Patients and Methods: Between 2003 and 2006, 399 patients visited our Wound Care Center and 205 (51.4%) of them had ischemic foot ulcers, of whom 44 underwent vascular surgeries. Their average age was 71.4–year–old, 30 (68.2%) of them had diabetes mellitus, and 18 (40.9%) of them had chronic renal failure on hemodialysis. Their vascular surgeries counted of endoarterectomy of the common femoral artery in 1, above–knee femoro–popliteal bypass in 12, below–knee femoro–popliteal bypass in 12, and tibio–peroneal bypass in 19. In addition, five patients underwent suprainguinal bypass surgeries and 9 patients underwent percutaneous peripheral interventions to increase inflow.

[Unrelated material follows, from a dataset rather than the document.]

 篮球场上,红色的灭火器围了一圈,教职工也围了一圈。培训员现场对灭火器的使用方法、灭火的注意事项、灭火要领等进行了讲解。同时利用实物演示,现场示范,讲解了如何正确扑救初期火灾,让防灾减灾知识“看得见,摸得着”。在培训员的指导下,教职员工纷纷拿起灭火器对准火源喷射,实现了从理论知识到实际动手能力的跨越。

The local blood flow of their ischemic limbs was assessed by skin perfusion pressure (SPP) before and after vascular surgeries.

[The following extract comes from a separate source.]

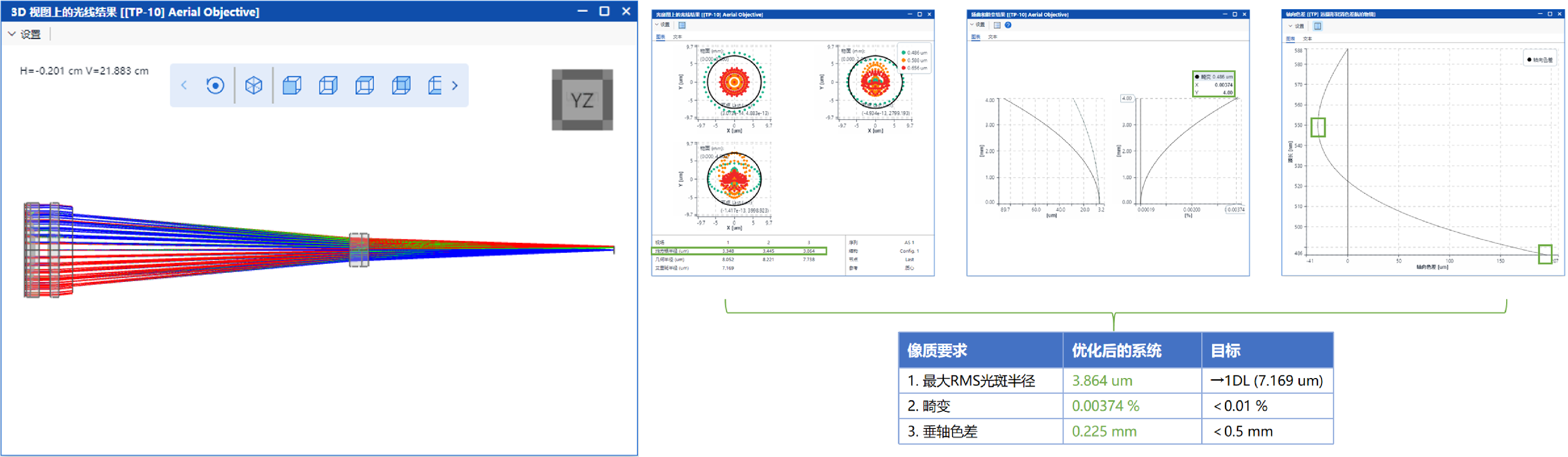 远摄型复消色差航拍物镜在航空摄影、遥感测绘及无人机航拍等高精度成像领域得到广泛应用。凭借其远摄光学结构与复消色差设计,该类镜头能够在远距离拍摄条件下实现卓越的空间分辨率和精确的色彩校正,同时兼具色差抑制能力强、成像清晰锐利及视场均匀性高等优势。在本案例中,将通过设计一个典型的远摄型复消色差航拍物镜,

Results: There was no intraoperative death. Two–year primary and secondary patency rates were both 100% in above–knee femoro–popliteal bypass, both 91.7% in below–knee femoro–popliteal bypass, and 57.9% and 68.4% in tibio–peroneal bypass. The value of SPP significantly elevated from 21.1 ± 10.8 mmHg to 60.4 ± 26.1 mmHg (p < 0.01), and the limb salvage rate was 85.4%. Thirteen of them died in the early postoperative or follow–up period, and 1– and 3–year survival rates were 75.0% and 53.0%.
Conclusion: Bypass patency and limb salvage rate in this series were satisfactory, but not the survival rate. SPP is a reliable diagnostic tool to assess the local blood flow before and after vascular surgery for critical limb ischemia, and favorable wound healing can be expected when the SPP is over 40 mmHg.